■ Source records
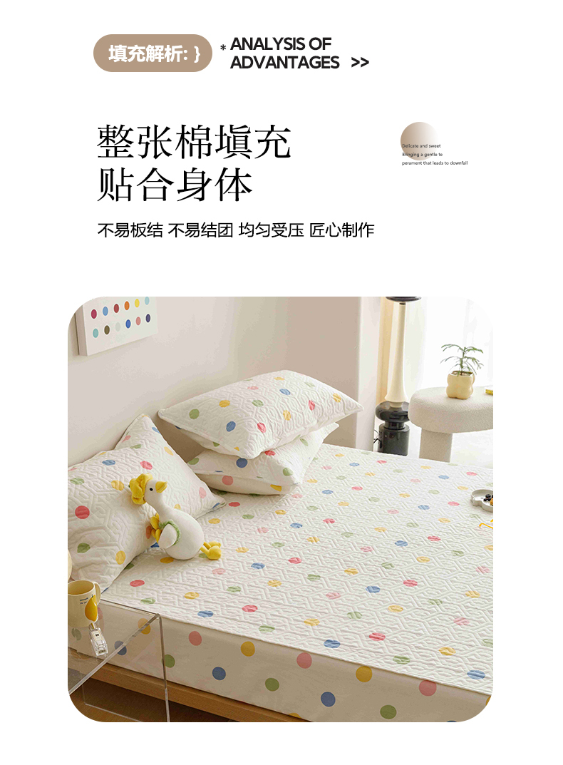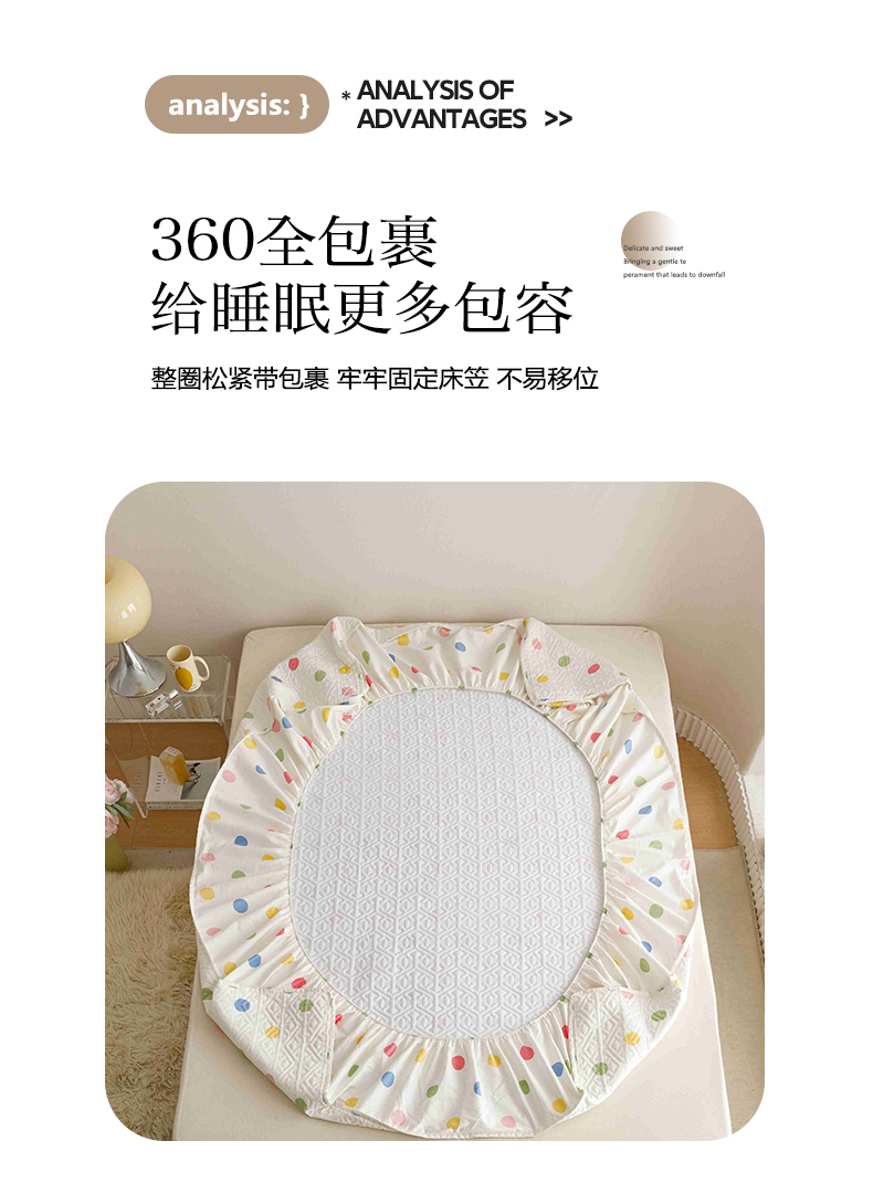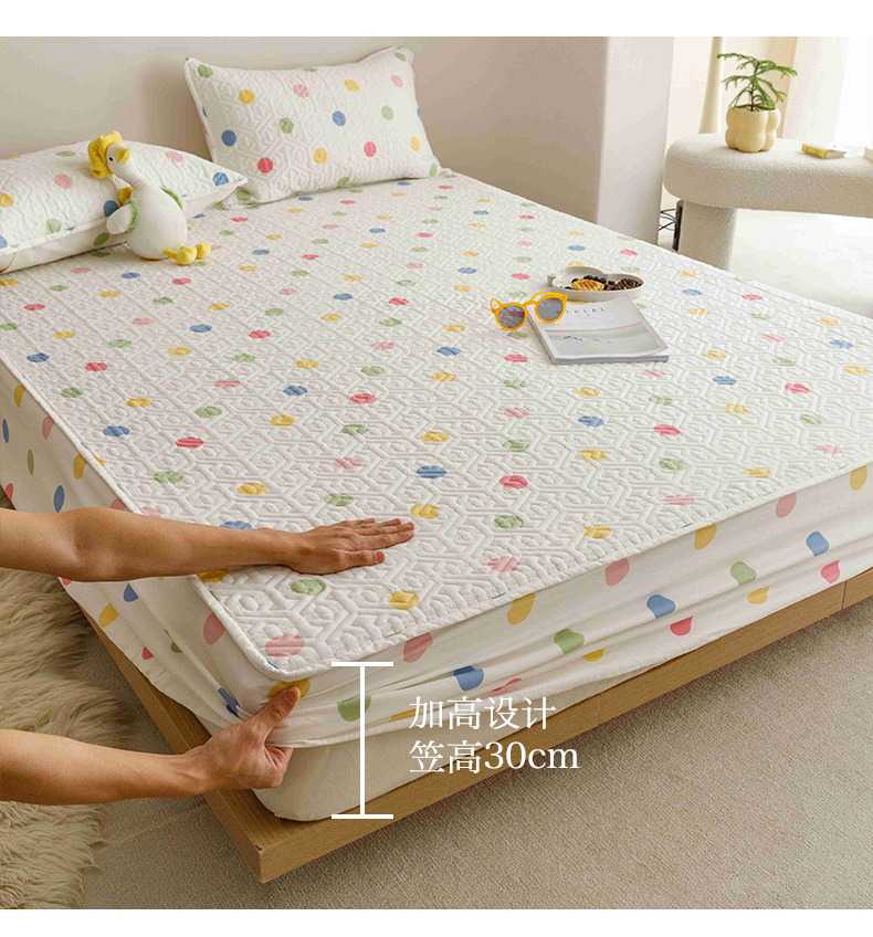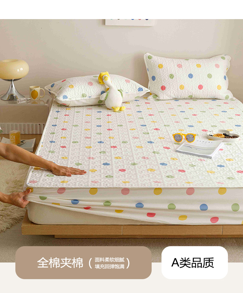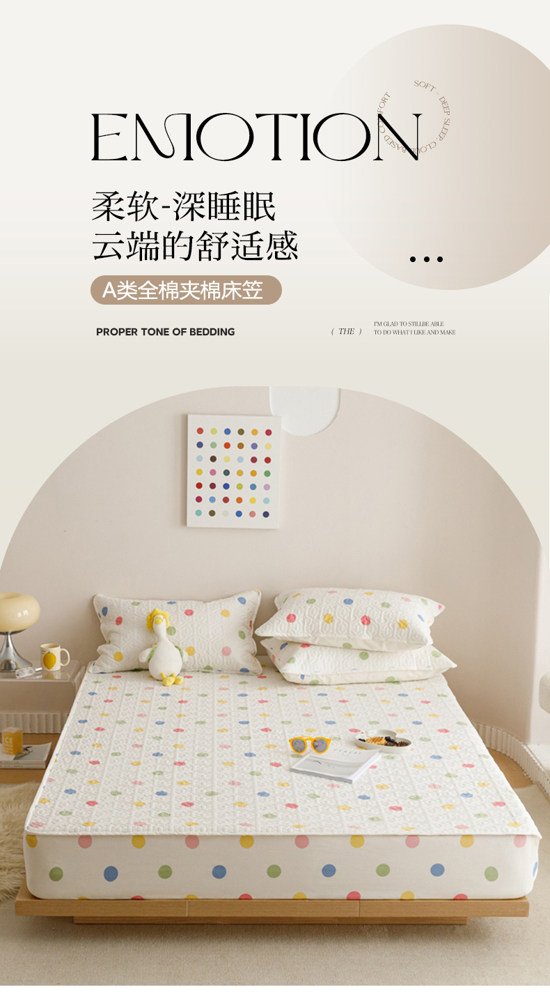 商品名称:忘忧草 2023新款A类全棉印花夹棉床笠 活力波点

---

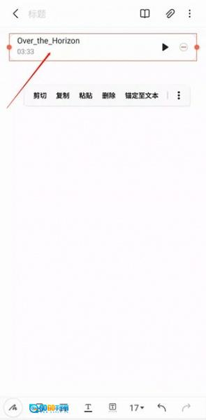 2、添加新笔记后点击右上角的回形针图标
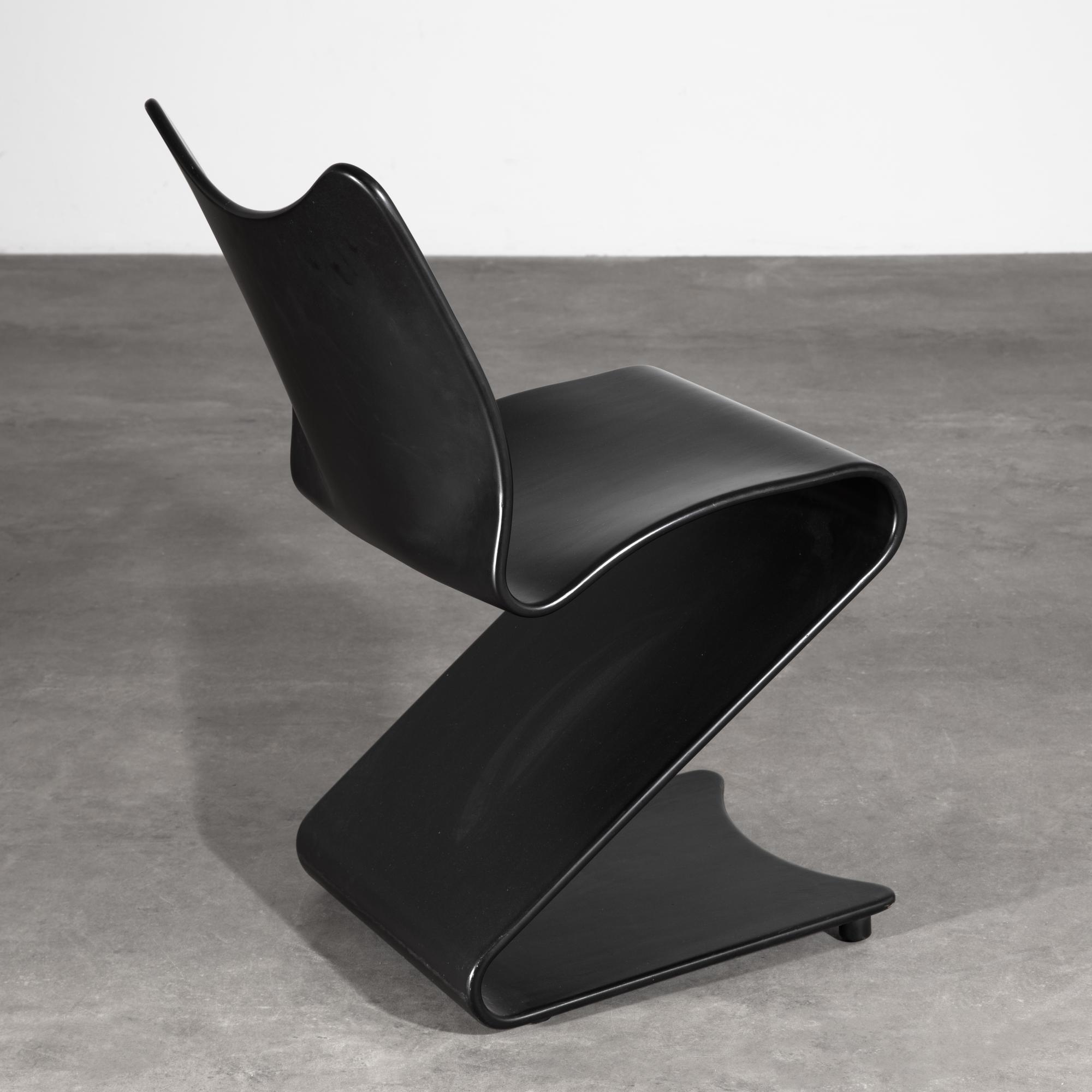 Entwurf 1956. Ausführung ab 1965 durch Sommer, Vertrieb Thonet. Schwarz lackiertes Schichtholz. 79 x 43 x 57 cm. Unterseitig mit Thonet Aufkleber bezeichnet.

■ Aim of the task
What belongs in the answer is each line above from the line with "2、添加新笔记后点击右上角的回形针图标" to the line with "Entwurf 1956. Ausführung", inclusive, reproduced exactly and free of pictures.

■ Response
 2、添加新笔记后点击右上角的回形针图标
 Entwurf 1956. Ausführung ab 1965 durch Sommer, Vertrieb Thonet. Schwarz lackiertes Schichtholz. 79 x 43 x 57 cm. Unterseitig mit Thonet Aufkleber bezeichnet.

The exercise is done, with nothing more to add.